[DATA TO USE]

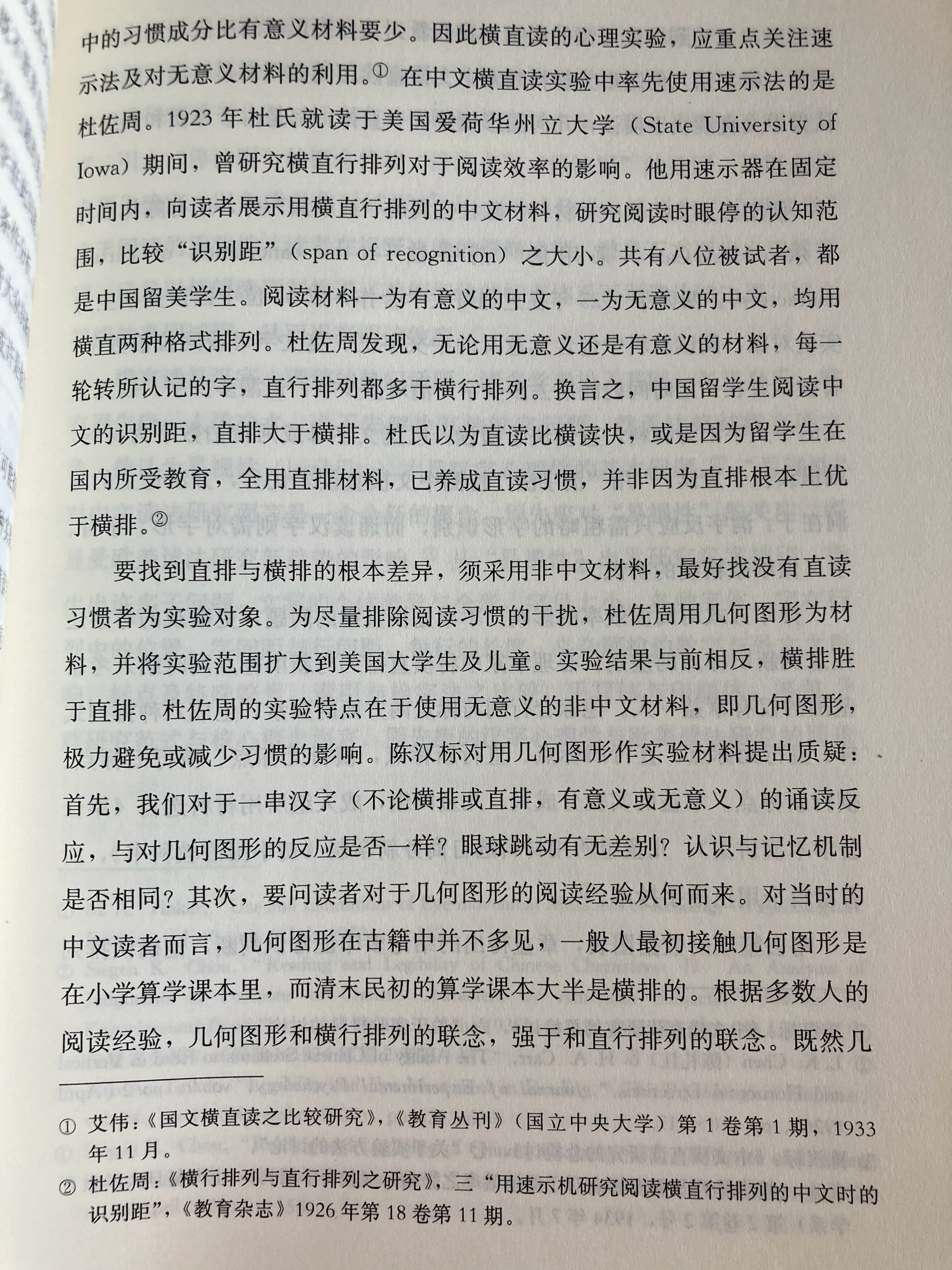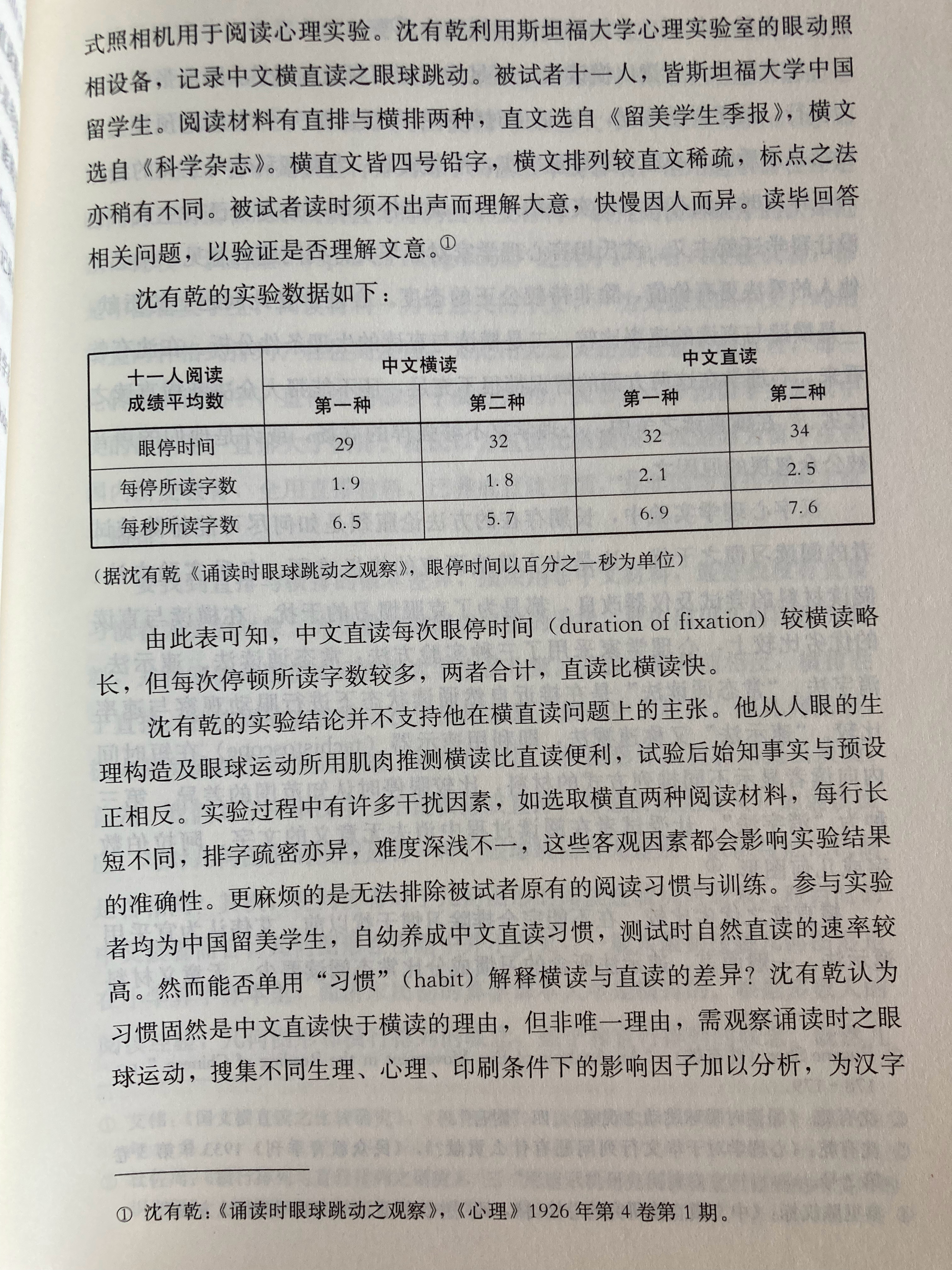 埴轮书话[超话] 早在20世纪20年代,围绕汉字存废与改革的讨论,已有几位学者使用仪器实验手段,测试汉字竖排与横排何者阅读效率更高。其中周先庚借助格式塔心理学对汉字特殊性的阐释独具卓识(袁一丹《另起的新文化运动》)
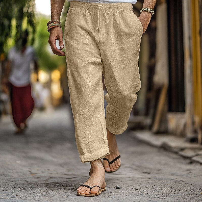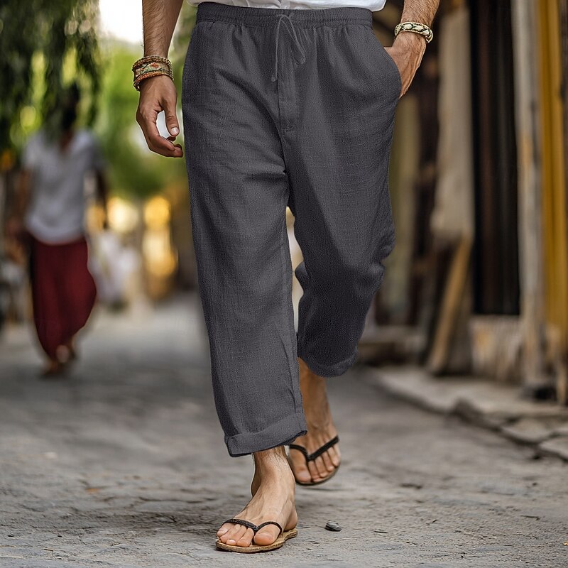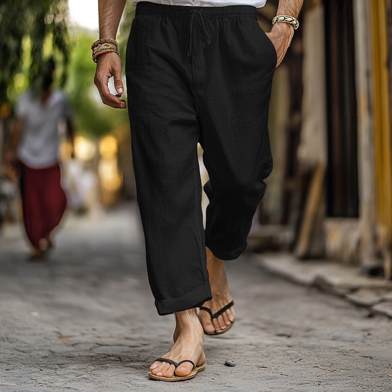 More information about Men's Linen Pants Trousers Summer Pants Gauze Pants Drawstring Elastic Waist Straight Leg Plain Comfort Breathable Full Length Home Casual Daily Fashion Classic Style Black White
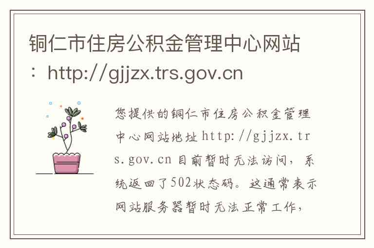 您提供的铜仁市住房公积金管理中心网站地址 http://gjjzx.trs.gov.cn 目前暂时无法访问,系统返回了502状态码。这通常表示网站服务器暂时无法正常工作,可能是由于维护、网络问题或访问量过大导致的临时故障,建议您可以稍后再尝试访问。
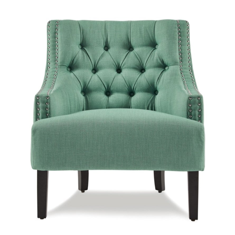Modern Traditional Accent Chair Button Tufted Teal Textured Fabric Upholstery Solid Wood 1pc Living B011P182655
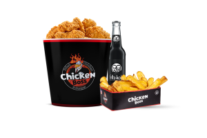• Fried Chicken Bucket • Sauce nach Wahl • Beilage nach Wahl • Getränk 0,33l nach Wahl zzgl. Pfand
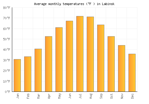 The bar chart below shows the average monthly peak daytime temperatures at Labinsk
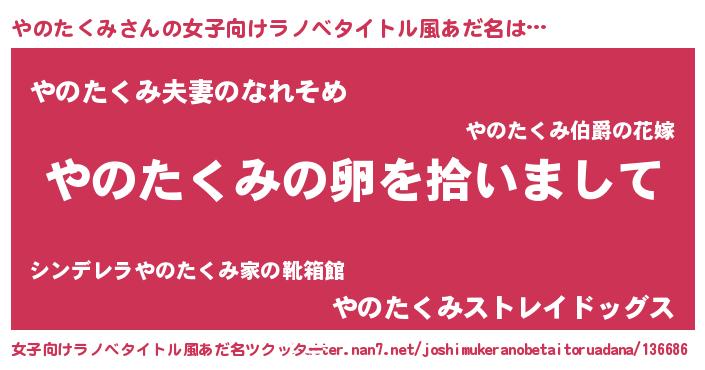 | 男性向けラノベタイトル風あだ名 | 『ダンジョンにやのたくみを求めるのは間違っているだろうか』 |
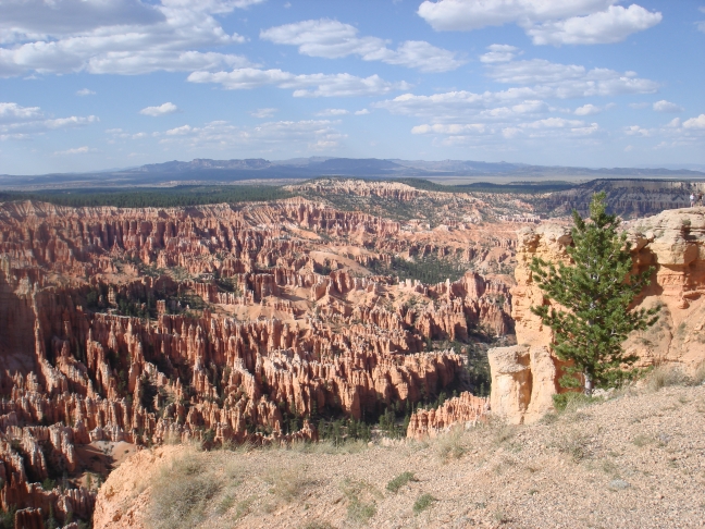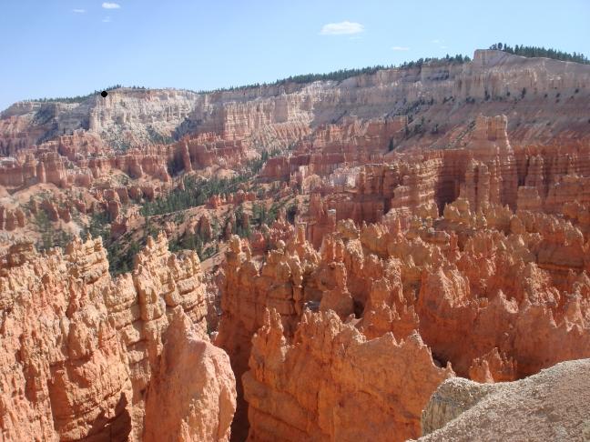 En fait, le canyon était un bassin qui était parcourue par toutes les eaux de pluie de la région, à force de vent et d'eau, l'érosion a taillé dans la pierre des formes magiques et de toutes les couleurs... Nous avons fait le soir la Rim Trim, c'est à dire la ballade circulaire le long de la falaise sur la crête. C'est une longue ballade relativement escarpée et sous un soleil de plomb mais la vue en valait l'effort... Seule petite crainte, tomber sur un grizzly en ballade (Les panneaux d'avertissements sont de nouveau partout) mais heureusement nous n'en avons pas vu. Photo 1 : L'arrivée sur le bord du canyon est à couper le souffle... J'ai mis un petit point noir pour vous indiquer la destination de la ballade que nous avons faite le long de la crête... Photo 2 & 3 & 4 : Des vues le long de la crète... Photo 5 : Arrivée à notre destination, une vue de ce qu'il y a après le canyon... Photo 6 : La seule faune que nous avons vu dans les environs, un vautour, ce qui est excessivement rassurant vu qu'ils se nourissent de carcasses et que nous avons relativement chaud.... ![]() PS 1 : J'ai plus de photos, je peux en mettre si vous le voulez. PS 2 : Vu la beauté des paysages, j'ai un peu moins diminuer la taille des photos, j'espère que cela n'handicape pas vos pages.

[EXERCISE OBJECTIVE] Take the records above from their first line through the line with "男性向けラノベタイトル風あだ名 | 『ダンジョンにやのたくみを求めるのは間違っているだろうか』 |" and set those lines down word for word, minus the pictures.

[RESULT OF THE TASK]
 埴轮书话[超话] 早在20世纪20年代,围绕汉字存废与改革的讨论,已有几位学者使用仪器实验手段,测试汉字竖排与横排何者阅读效率更高。其中周先庚借助格式塔心理学对汉字特殊性的阐释独具卓识(袁一丹《另起的新文化运动》)
 More information about Men's Linen Pants Trousers Summer Pants Gauze Pants Drawstring Elastic Waist Straight Leg Plain Comfort Breathable Full Length Home Casual Daily Fashion Classic Style Black White
 您提供的铜仁市住房公积金管理中心网站地址 http://gjjzx.trs.gov.cn 目前暂时无法访问,系统返回了502状态码。这通常表示网站服务器暂时无法正常工作,可能是由于维护、网络问题或访问量过大导致的临时故障,建议您可以稍后再尝试访问。
Modern Traditional Accent Chair Button Tufted Teal Textured Fabric Upholstery Solid Wood 1pc Living B011P182655
• Fried Chicken Bucket • Sauce nach Wahl • Beilage nach Wahl • Getränk 0,33l nach Wahl zzgl. Pfand
 The bar chart below shows the average monthly peak daytime temperatures at Labinsk
 | 男性向けラノベタイトル風あだ名 | 『ダンジョンにやのたくみを求めるのは間違っているだろうか』 |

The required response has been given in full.